You still need humans involved in process nodes...but optimizing your yields is only a matter of time!
Even the Adeptus Mechanicus needs Tech Priests xD. I had these already in 1992, nothing new
Or not and this is sort of what I would expect, computers lay out circuits better and quicker than us, and have done at least a decade now, why wouldn't a computer with AI lay out chip's better than us.
We like to make it like it's doomsday in part for entertainment, but it's really out of proportion how we make these cases. Things are really more down to earth than what we make it to be.
AI is thick as shit, compared to a T800 or T1 for that matter, I actually think people have no idea how to make a conscious, some believe AI might get there soon , not I, I think they'll have something they can use to a degree, but not anything general AI and Even at that point that GNAI will have to go some way to get Self aware, I am not sure we'll get there with the technology were using anyway, I think someone's going to have to make an actual synthetic brain for that.
I have some thoughts on it :)
AI might keep a few of us as pets or in zoos. Smart arses like people on this forum will be the first to be double-tapped. Hasta la vista ... not likely more vertedero?
So yes, the created can out-do the creater - just like a child can "achieve more" than its parent.
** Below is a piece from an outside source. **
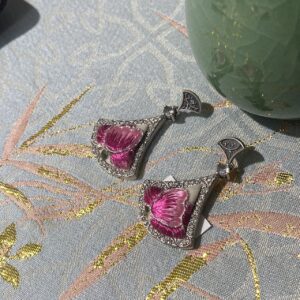 Handmade Miao embroidery silver earrings – pink floral pattern
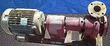 Bomba centrífuga Bell & Gossett. S/N: 2113757. Capacidad: 624 gpm @ 100 tdh. Velocidad máxima: 3500 rpm. Diámetro del impulsor: 3 pulg. Código de construcción de la bomba: AB. Motor Baldor Super-E, 20 hp, 3525 rpm, 200 V, 52,9 amperios, 60 Hz, trifásico. Entradas: (1) 3-1/2 pulg. de diámetro. Puerto de succión con 8 pernos y 9 pulgadas de diámetro. brida. Salidas: (1) 3 pulg. de diámetro. puerto de descarga con 4 pernos, 7-1/2 pulg. de diámetro. brida. Dimensión global. 46-1/2 pulgadas de largo x 17 pulgadas de ancho x 22-1/2 pulgadas de alto (H9).

AI , specialist AI will easily beat the creator, a team or a super intelligent and tooled up engineer , are nowhere near as quick at the task in hand,
But that AI isn't better than it's creator, it's better than it's creator, and anyone else, AT A Task , I would smash it's f##@£@ face in at tea making , or bear brewing, pc fixing etc et Al.
Don't forget a singular task and being good at it doesn't make it a singularity, or we have many examples already of humans getting there asses handed to them at a task.
Humans used to have computational jobs doing maths , code generation and description( fu#@i#g phones, encryption) etc, they're was a bit of a T800 scare back then too, which is what lead to all the best sci-fi we have watched.
Care to write that task discription that describes what self aware is.
Machine learning a task is not like human based general learning.